EXTRACTED INFORMATION:

----

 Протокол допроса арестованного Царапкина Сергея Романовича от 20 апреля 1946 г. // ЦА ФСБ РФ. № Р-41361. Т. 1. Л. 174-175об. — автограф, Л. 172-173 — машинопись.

----

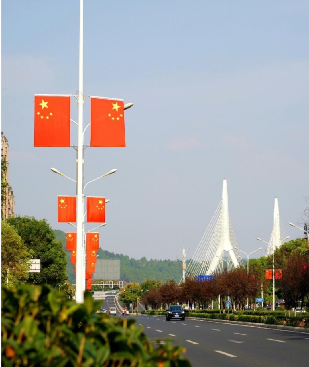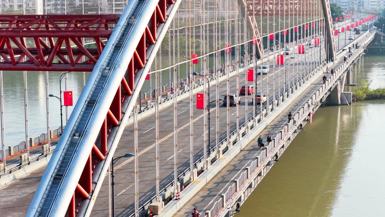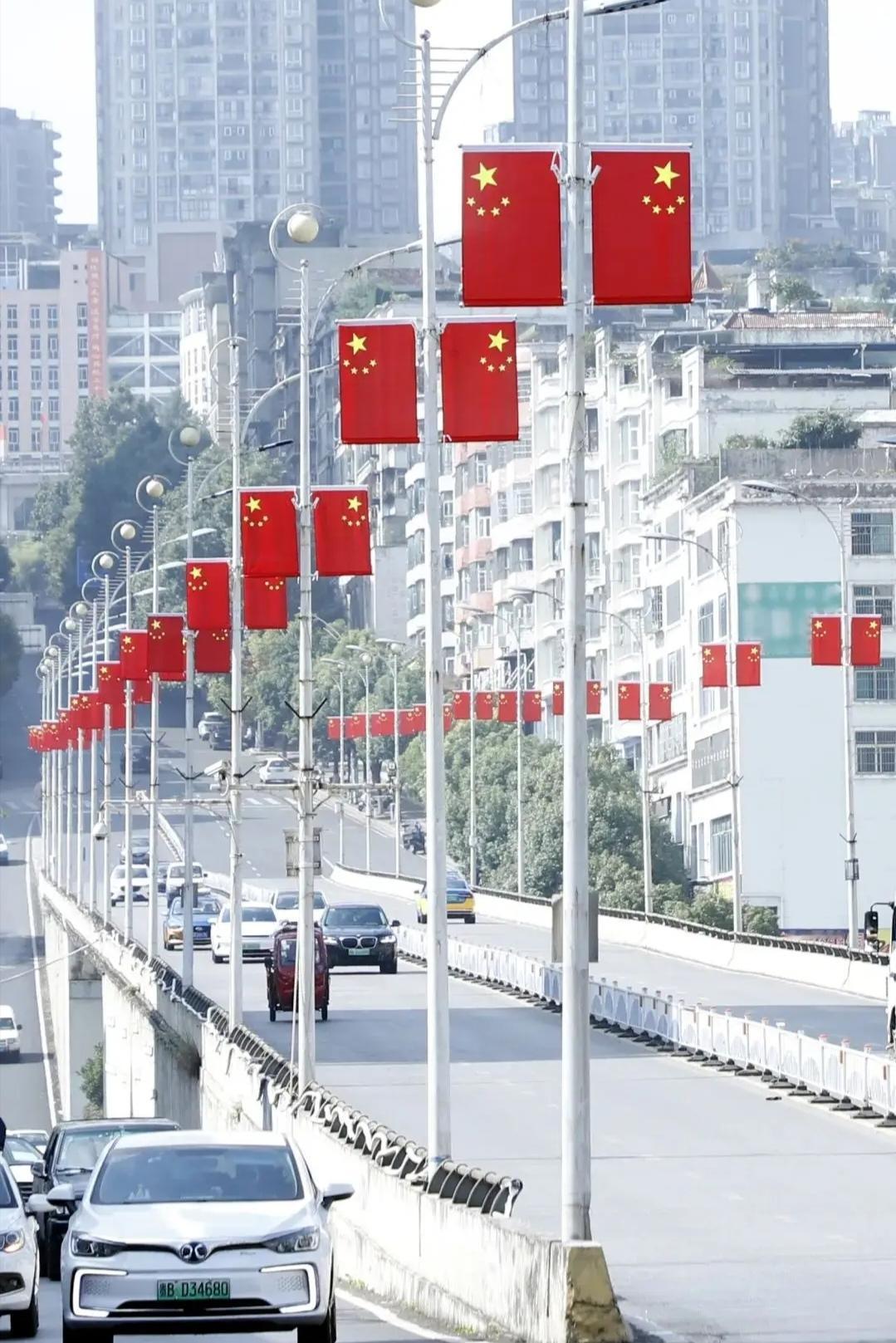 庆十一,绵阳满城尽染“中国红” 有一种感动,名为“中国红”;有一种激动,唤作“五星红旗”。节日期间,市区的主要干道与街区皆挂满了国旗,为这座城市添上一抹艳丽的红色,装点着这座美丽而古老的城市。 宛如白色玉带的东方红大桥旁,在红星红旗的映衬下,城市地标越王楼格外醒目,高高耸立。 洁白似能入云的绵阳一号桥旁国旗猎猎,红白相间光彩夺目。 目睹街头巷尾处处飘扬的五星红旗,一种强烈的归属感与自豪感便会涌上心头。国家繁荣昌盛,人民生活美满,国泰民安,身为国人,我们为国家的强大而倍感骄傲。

----

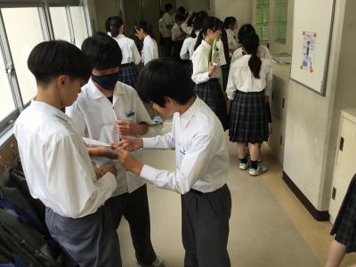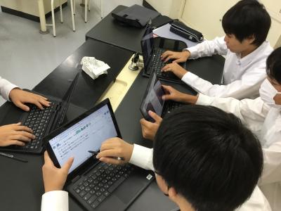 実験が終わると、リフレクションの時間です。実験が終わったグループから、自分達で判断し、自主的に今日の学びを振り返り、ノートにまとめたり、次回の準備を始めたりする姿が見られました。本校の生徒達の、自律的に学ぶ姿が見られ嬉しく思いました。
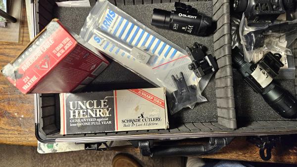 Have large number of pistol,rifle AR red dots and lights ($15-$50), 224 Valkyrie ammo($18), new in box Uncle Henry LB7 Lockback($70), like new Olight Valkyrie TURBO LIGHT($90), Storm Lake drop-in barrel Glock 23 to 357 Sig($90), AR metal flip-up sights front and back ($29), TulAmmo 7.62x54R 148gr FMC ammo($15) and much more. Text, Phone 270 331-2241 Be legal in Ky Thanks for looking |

----

BRIEF: From the material above, output only the span of lines that starts at the one containing "実験が終わると、リフレクショ" and finishes at the one containing "Have large number", word for word and free of pictures.

COMPLETED EXERCISE:
 実験が終わると、リフレクションの時間です。実験が終わったグループから、自分達で判断し、自主的に今日の学びを振り返り、ノートにまとめたり、次回の準備を始めたりする姿が見られました。本校の生徒達の、自律的に学ぶ姿が見られ嬉しく思いました。
 Have large number of pistol,rifle AR red dots and lights ($15-$50), 224 Valkyrie ammo($18), new in box Uncle Henry LB7 Lockback($70), like new Olight Valkyrie TURBO LIGHT($90), Storm Lake drop-in barrel Glock 23 to 357 Sig($90), AR metal flip-up sights front and back ($29), TulAmmo 7.62x54R 148gr FMC ammo($15) and much more. Text, Phone 270 331-2241 Be legal in Ky Thanks for looking |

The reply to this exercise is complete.